The Columbia University Medical Center is reporting on some pretty impressive and very important results from a large trial that looked at the effectiveness of screening for Down’s syndrome.
38,000+ pregnant women underwent the Nicolaides nuchal translucency ultrasound test (essentially, a neck skin thickness measurement in the fetus), and blood tests (pregnancy-associated plasma protein A [PAPP-A], the free beta subunit of human chorionic gonadotropin):
The new screening approach uses a blood test that analyzes the level of a protein and hormone in the mother’s blood, combined with an ultrasound or sonogram picture of the thickness of skin on the back of the baby’s neck (known as the nuchal translucency or NT). Results are available within five days, often before starting the second trimester of pregnancy. This combination approach determines the odds that the baby might have Down syndrome, allowing pregnant women the option of prenatal diagnosis for Down syndrome and other chromosomal abnormalities within the first trimester or pregnancy. The researchers found higher detection – 87 percent – in the first trimester compared to the best second trimester screening method – 81 percent detection.

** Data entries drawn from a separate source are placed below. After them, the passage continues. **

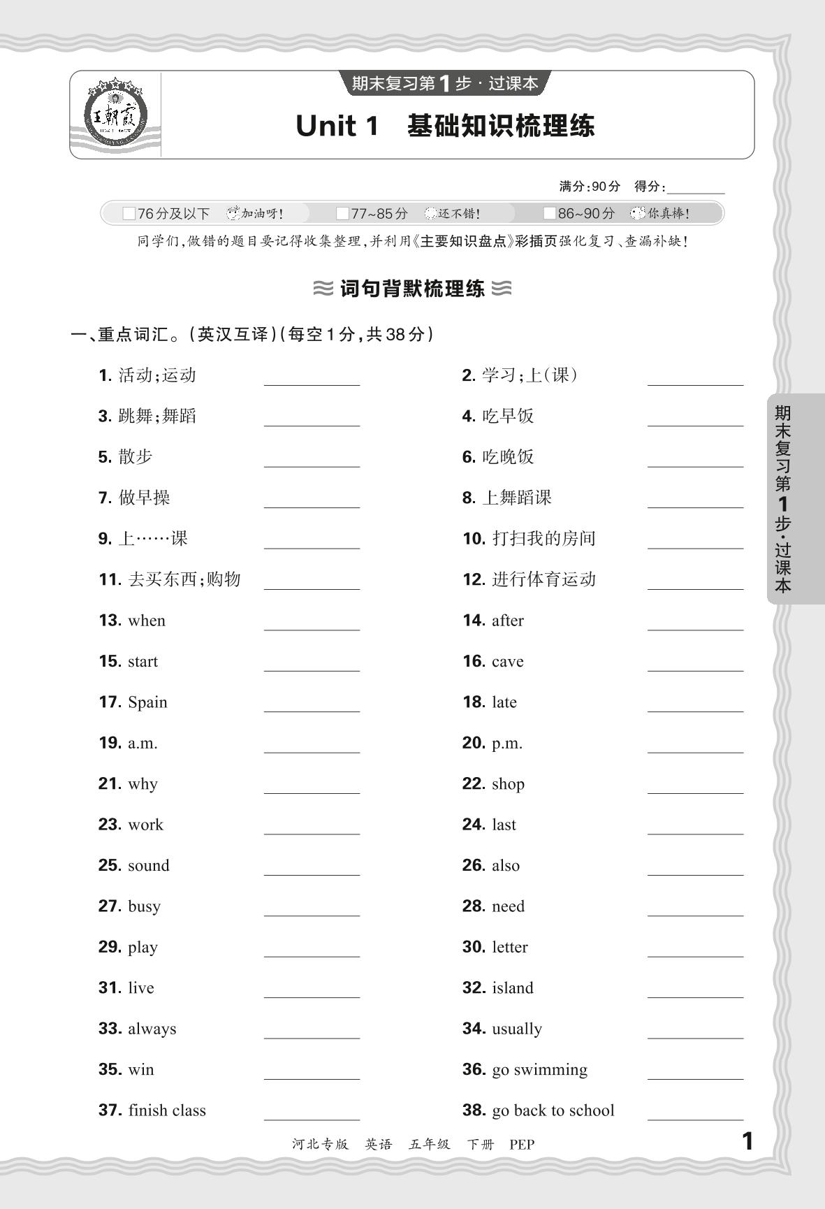 2024春下册五年级英语人教PEP版 期末过课本河北版·Unit 1 基础知识梳理练
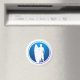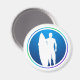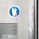 Surfista esperando por uma onda. Silhueta de surfista segurando seu conselho surf. Logótipo circular em azul.
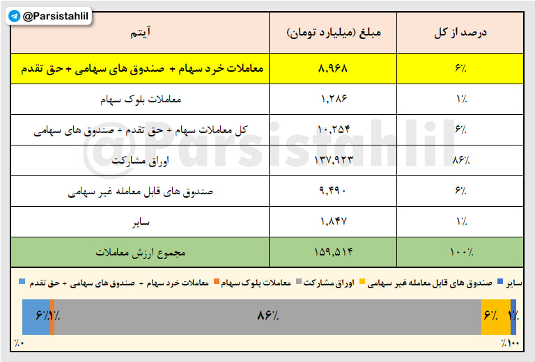 همانطور که در جدول فوق مشاهده می نمایید ارزش کل معاملات امروز بازار 159,514 میلیارد تومان بوده که از این مبلغ 8,968 میلیارد تومان آن مربوط به معاملات خرد سهام و حق تقدم و صندوق های سهامی بوده است.

Results with this new combination screening approach in the first trimester are a significant advantage over the current standard screening test.
First-trimester screening was performed on 38,167 patients; 117 were found to have a fetus with Down syndrome. If a positive result is found via screening, the woman is given the option to have the finding confirmed with a diagnostic exam: chorionic villus sampling (CVS) or amniocentesis. Both tests carry risks of complication leading to miscarriage.